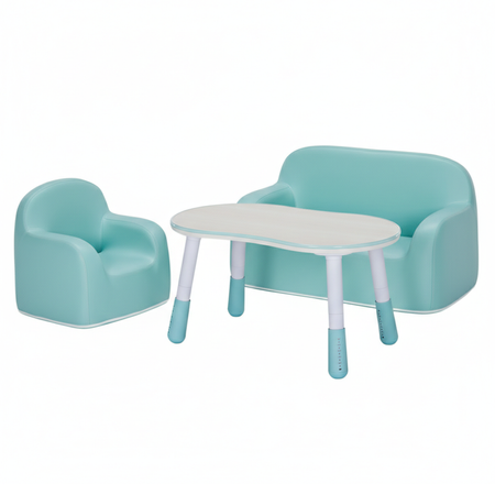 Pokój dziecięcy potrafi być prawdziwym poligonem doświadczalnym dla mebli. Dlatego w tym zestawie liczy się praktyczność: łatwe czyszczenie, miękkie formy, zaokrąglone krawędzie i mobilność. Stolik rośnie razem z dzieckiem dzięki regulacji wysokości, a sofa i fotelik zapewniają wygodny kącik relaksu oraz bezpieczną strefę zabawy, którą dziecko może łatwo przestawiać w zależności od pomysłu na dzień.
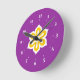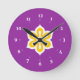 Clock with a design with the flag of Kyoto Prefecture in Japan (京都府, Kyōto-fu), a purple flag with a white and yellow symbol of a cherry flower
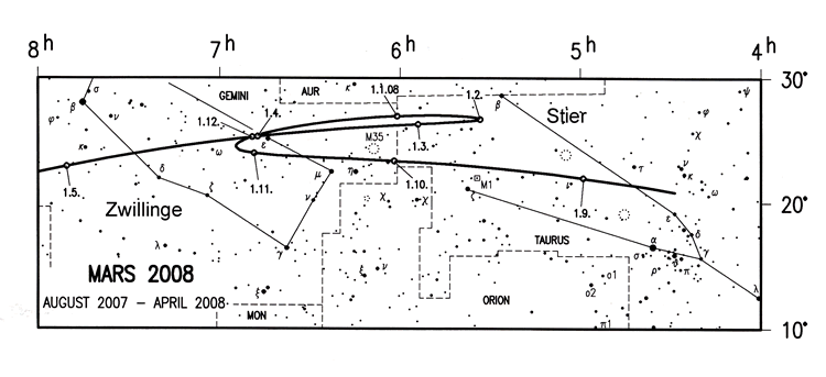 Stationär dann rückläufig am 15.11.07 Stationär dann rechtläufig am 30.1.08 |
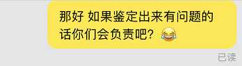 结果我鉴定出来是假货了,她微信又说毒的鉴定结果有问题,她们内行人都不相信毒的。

——

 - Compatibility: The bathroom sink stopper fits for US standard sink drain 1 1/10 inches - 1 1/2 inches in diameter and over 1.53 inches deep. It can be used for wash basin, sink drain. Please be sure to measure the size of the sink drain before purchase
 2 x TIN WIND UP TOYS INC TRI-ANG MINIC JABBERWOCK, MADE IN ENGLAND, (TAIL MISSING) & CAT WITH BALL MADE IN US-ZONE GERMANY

——

EXERCISE OBJECTIVE ->
Would you output the lines above from the line holding "Pokój dziecięcy potrafi" up to and including the line holding "结果我鉴定出来是假货了,她微信又说毒的鉴定结果有问题,她们内行人都不相信毒的。", exactly and only those, with no pictures?

EXERCISE SOLUTION ->
 Pokój dziecięcy potrafi być prawdziwym poligonem doświadczalnym dla mebli. Dlatego w tym zestawie liczy się praktyczność: łatwe czyszczenie, miękkie formy, zaokrąglone krawędzie i mobilność. Stolik rośnie razem z dzieckiem dzięki regulacji wysokości, a sofa i fotelik zapewniają wygodny kącik relaksu oraz bezpieczną strefę zabawy, którą dziecko może łatwo przestawiać w zależności od pomysłu na dzień.
 Clock with a design with the flag of Kyoto Prefecture in Japan (京都府, Kyōto-fu), a purple flag with a white and yellow symbol of a cherry flower
 Stationär dann rückläufig am 15.11.07 Stationär dann rechtläufig am 30.1.08 |
 结果我鉴定出来是假货了,她微信又说毒的鉴定结果有问题,她们内行人都不相信毒的。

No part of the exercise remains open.